Materials and methods
Organism, media, and growth condition
A strain Streptomyces hygroscopicus was isolated from a soil sample from Vojvodina, Serbia (Vučetić et al., 1994; Karadžić et al., 1991). Streptomyces hygroscopicus was maintained as spore and mycelia suspensions in sterile glycerol (20% [wt/vol]), which were prepared from speculated colonies grown at 30°C on L agar that contained the following (in g l−1): tryptone (Difco Laboratories), 5; yeast extract (Lab-M), 5; NaCl, 5; glucose, 1; agar, 10 (pH 7.2). Suspensions were stored at −20°C until required. Liquid cultures were grown in starch–yeast extract (SY) broth that contained the following (in g l−1): soluble starch, 15; yeast extract (Difco), 1; K2HPO4 · 7H20, 1; NaCl, 3 (final pH adjusted to 7.2). Flasks (250 ml) that contained 50 ml of this media were inoculated with 0.1 ml of spore suspension and incubated at 30°C with shaking at 200 rpm. The fermentation media were inoculated with 5% (v/v) of a preculture after 48 h growth and incubated at 30°C for 240 h under the standard condition of aeration and agitation (200 rpm). The fermentation basal media has the following composition (g/l): glucose 15, CaCO3 3, NaCl 3, MgSO4 0.5, (NH4)2HPO4 0.5, K2HPO4 0.5, soya bean 1.0. The fermentation modified media has the follow composition (g/l): glucose 15, CaCO3 3, NaCl 3, MgSO4 0.5, (NH4)2HPO4 0.5, K2HPO4 0.5, l-tryptophan 0.5, Schiff base 0.5.

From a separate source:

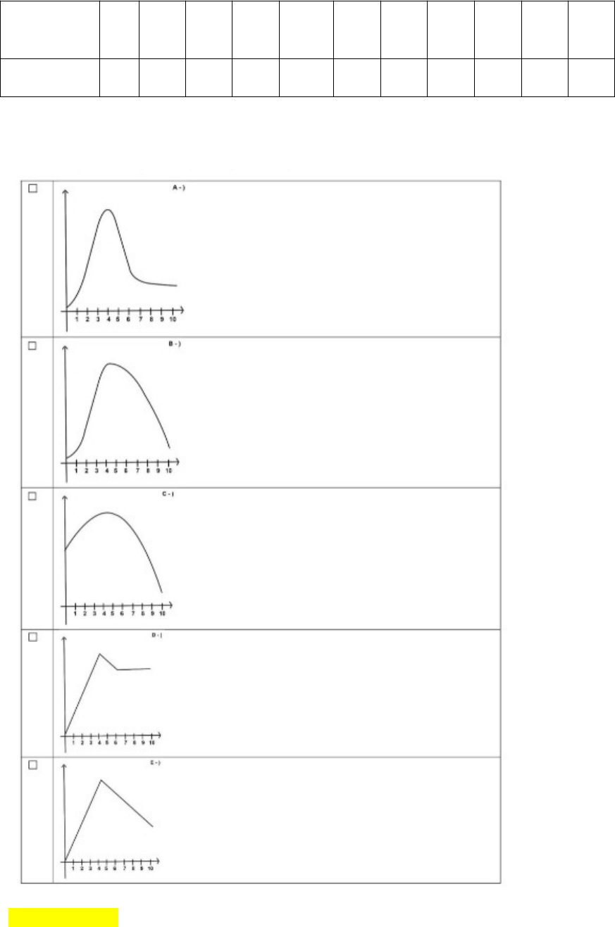 A tabela abaixo mostra o comportamento de uma variável y em função do tempo. Tempo(horas ) 0 1 2 3 4 5 6 7 8 9 10 Y 359 1539 4353 8123 10000 8123 4353 2993 2741 2653 2612 O gráfico que melhor representa y em função do tempo, em horas é: Resposta: letra A Os faturamentos nos quatro trimestres do ano passado foram 50mil, 20mil, 80 mil e 150 mil, respectivamente. A tabela a seguir mostra as porcentagens do faturamento provenientes de cada tipo de negócio. Trimestre 1 2 3 4 Consultoria 62% 10% 80% 90% Investimentos 38% 90% 20% 10% O trimestre com o segundo maior faturamento em investimento e o trimestre com o segundo maior faturamento em consultoria foram, respectivamente: A) 1º e 2º B) 1º e 3º C) 1º e 4º D) 2º e 3º E) 2º e 4º Resposta: Trimestre 1 2 3 4 Consultoria 31mil 2 mil 64 mil 135 mil Investimentos 19 mil 18 mil 16 mil 15 mil Considere a seguinte sequência de declarações, todas verdadeiras. I. Se o tempo estiver bom, então Célia e Ana irão à praia. II. Se Célia e Ana forem juntas à praia, então Ricardo ficará sozinho. III. Se Ricardo ficar sozinho, então a festa será na casa dele. Sabe-se que a festa Não foi na casa de Ricardo. Nessas condições, dentre as declarações a seguir, todas relacionadas às três anteriores, a única que NÃO é NECESSARIAMENTE verdadeira é: A - Ricardo não ficou sozinho B - Célia não foi a praia C - O Tempo não estava bom D - Célia e Ana não foram juntas a praia E - Havia alguém com Ricardo ou o tempo não estava bom Observe na tabela o consumo de energia elétrica de uma casa em 24 meses consecutivos. O número total de erros cometidos pelo garoto é igual a: a) 1 b) 2 c) 3 d) 4 e) 5 A partir das figuras, pode-se concluir que o valor indicado por X é: a) 45 b) 60 c) 75 d) 90 e) 105 Resposta: 1+2*3=9 1+2+3*4=24 1+2+3+4*5= 50 1+2+3+4+5*6=90 As aulas de pintura de Aline ocorrem toda quarta-feira, independente de ser feriado ou época de férias. Aline, que nunca faltou a nenhuma aula de pintura, fez dois trabalhos por aula até completar dois anos de curso. Desde então, tem feito três trabalhos por aula. Sabendo que a primeira aula de pintura de Aline ocorreu há exatamente 1000 dias, pode-se concluir que o número de trabalhos já realizados por ela é igual a: A) 322 B) 327 C) 355 D) 358 E) 428 1000 dias – 365*2 = 730 dias (dois trabalhos por dias) 270 dias – 3 trabalhos por quarta-feira 730/7dias = 104(semanas) – 208 270/7 = 38*3 semanas – 114 trabalhos São dadas a seguir duas imagens de uma peça esculpida por um artesão sendo uma vista de cima e outra de frente da escultura. A tabela abaixa traz projeções feitas pela ONU 2003 sobre o numero de habitantes das seis maiores cidades do mundo. O preço de um álbum de figurinhas vazio é R$5,00 e o de um pacote com 6 figurinhas é R$0,80. No álbum existem 250 posições, uma para cada uma das 250 figurinhas diferentes a serem coladas. Se, ao longo de todo o processo de coleção, em média duas figurinhas por pacote são repetidas, então o valor mais aproximado que uma pessoa irá gastar para ter um álbum completo (sem trocar as figurinhas repetidas) é: a) 55,40 b) 65,80 c) 75,20 d) 85,40 e) 95,80 Ana, Beatriz e Claudia estão sentadas ao redor de uma mesa circular organizando uma festa para comemorar conjuntamente o aniversário das três. Uma das moças é carioca, outra gaúcha e a outra paulista. Cada uma delas passou para a pessoa a sua direita uma lista que elaborou para a organização da festa. Beatriz passou à carioca a lista dos possíveis locais para a festa. Ana passou a lista dos convidados à pessoa que passou uma lista à paulista. É correto concluir que: a) Ana é paulista b) Beatriz é carioca. c) Claudia é paulista d) Beatriz é gaúcha e) Claudia é gaúcha.

After fermentation, the antibiotics of the broth were determined by extraction with n-butanol and ethyl acetate. The results were obtained by measuring absorbance at λmax = 364 nm (Hexaene H-85) and λmax = 252 nm (Azalomycine) with Perkin-Elmer Lambda 15 UV/VIS spectrophotometer (Vučetić et al., 1994; Karadžić et al., 1991). Growth was determined by measuring dry weights of cells. The broth was centrifuged at 4000 rpm for 15 min to separate the mycelial biomass. After that biomass was dried at 105°C to constant weight and weighed.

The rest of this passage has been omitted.